From the Sermons of Holy Hieromartyr Seraphim (Zvezdinsky)

Commemoration of Holy Hieromartyr Seraphim (Zvezdinsky). Part 2


Part 1: “We Live Only Through Our Christ!”

On the Divine Liturgy

In the Church we have the hands of Christ, His lips and eyes, as well as His heart. His hands are the rites of the Church, the tongue and lips of Christ are is Gospel, and His eyes are the holy Sacraments, through which he peers into our souls. His heart is the Divine Liturgy.

Consider the day lost if you have not heard the Liturgy.

Liturgy is a diamond, a wondrous gift of Christ; Liturgy is a river that refreshes and strengthens, flowing from the side of the crucified Jesus; Liturgy is a golden bridge, the only path to eternal life with Christ.

Learn to love Divine Liturgy—it is a photograph of the life of Christ; it is filled with the most profound meaning.
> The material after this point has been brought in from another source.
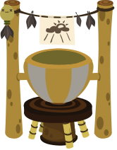 This features a wooden bowl with a handle, placed on top of a wooden stand. The bowl is filled with water and has a cloudy appearance, giving it an artistic look. Above the bowl, there are two signs hanging from ropes, adding to the overall decoration of the scene. Additionally, there are leaves surrounding the area, further enhancing the visual appeal of the setting. The combination of these elements creates a unique and visually interesting display.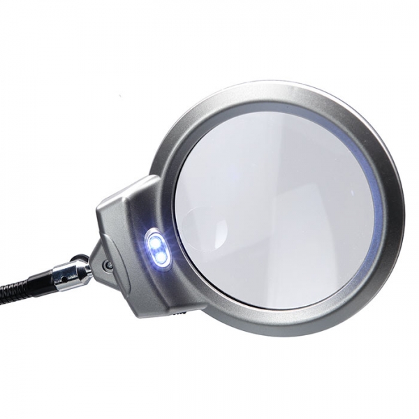 Настольная лупа с LED подсветкой широко применяется в радиомонтажных и ювелирных мастерских, в косметологических кабинетах, при работах с документами, в бытовых целях - для чтения, рисования, шитья, вышивания и т. д. Имеются две линзы: основная (диаметр 107 мм) с увеличением 2,25 крат и дополнительная (диаметр 25 мм) с увеличением 5 крат. В качестве подсветки используются 2 ярких светодиода, питание осуществляется от трех батареек типа ААА (в комплект не входят). Гибкая штанга (длина 25 см) позволит точно установить лупу на удобном для наблюдения расстоянии. В пластиковом корпусе основания находится металлическая вкладка, в которую вкручивается штанга - для долговечной эксплуатации и предотвращения опрокидыванию. Также имеется лоток для мелких принадлежностей.

And happy is he who draws from this source of joy, life, and wisdom of Christ.

It [Divine Liturgy] is the axis of the whole world. As a wheel can only turn on its axle, so our world, our wheel of life, can only turn if it has the Divine Liturgy, during which the Bloodless Sacrifice is offered.

There is nothing on earth more precious than Divine Liturgy. If you were to gather the all the valuables of the entire world—dig up all the gold and precious stones, raise all the pearls from the bottom of the sea, and lay them all on one side of the scales, and on the other side place the Liturgy served by the simplest priest in the poorest rural church, then the scales would weigh in favor of Divine Liturgy.
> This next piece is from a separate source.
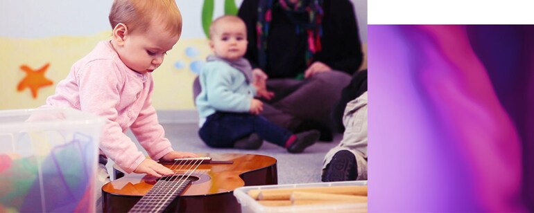 Every week topics taken from everyday life are covered e.g. bathing, changing nappies, putting to sleep, eating, moving, teething, learning to speak, illness and birthdays. By using music, playing simple musical instruments, using toys and other everyday objects the learning process is supported in a varied and child-oriented manner.

If there were no Liturgy the sun would not give its rays, and the earth would cease to give its fruits.

As a mother at times leads her child by the hand, at times sits near him and watches over him, and at times takes him into her arms and caresses, nurtures and feeds him, so does the Lord in all the church services and home prayers as if takes us by the hand, watches us at a distance; but in the Divine Liturgy He takes us into his embrace, seats us next to Himself and feeds us from His table. At all the services besides the Liturgy we talk with the Lord as if by telephone, communicate with Him as if by telegraph. But in the Divine Liturgy we tell our needs to the Lord directly, face-to-face, and personally thank Him and pray to Him.

Divine Liturgy is the window cut out by the Lord to the sinful, unbelieving, adulterous world, through which fresh air enters. If it weren’t for this window, the faithful would suffocate.

The Cross—this is our anchor. The Cross—this is our protection. The merits of the Cross, which we remember every day at the Liturgy, save the world from final destruction.

On Communion

The whole meaning of this earthly life consists in nothing other than the constant preparation of ourselves to receive the Holy Mysteries of Christ, in labors of prayer, temperance, and sincere repentance.

Every minute of your life, remember that you are preparing yourself to receive the Holy Mysteries.

We have to feel that we are a black cloud in order to be illuminated by the lightening flash of Holy Communion.

Communion is the Sun of righteousness that illumines our life, and warms our soul!..

On the spiritual life

The Lord does not cease to care for our souls; He uses every means to free the soul from the power of the devil, to whiten the soul, to lead it into His Heavenly Kingdom. But not only do we not assist the Lord in this, we resist it with all our might, making God’s work more difficult, and increasing the burden of our life.

Scrupulously cleanse your mirror—the heart—with Confession, and then the Lord, the Most Pure Virgin, the angels, the souls of the saints, and Heaven will look into it. But if you don’t cleanse this mirror, if you soil it and let it go, then the devil, hell, and all abomination will look into it and be reflected in it.

The human heart is never empty—in it lives either the Lord or the devil. There can be no emptiness. Man works either for the Lord, or for the devil.

The knowledge of God is not just the mind’s conviction that He exists, but an absolutely extraordinary sensation of His existence and closeness.

All ascetic labors, prayer, and prostrations are only the path to the one goal. The prayer rule that we read is the path. But if the paths do not lead to the goal, they are taken up in vain. If a traveler walks down a road but does not reach the city to which he was headed, then what was the point of his traveling? It is the same with spiritual life: If a person does not reach the goal—to inculcate the remembrance of God in himself, to achieve a state of continually walking before the face of the Lord—it means that his labors of prayer and other ascetic labors were in vain.

When we will continually remember that the Lord is near and watching after us, that He sees our every deed, hears our every word, and knows our every thought, and that even when we sleep there is an Unsleeping Eye watching over us—only then will we cease to sin, because the salvific fear of God will abide in our hearts.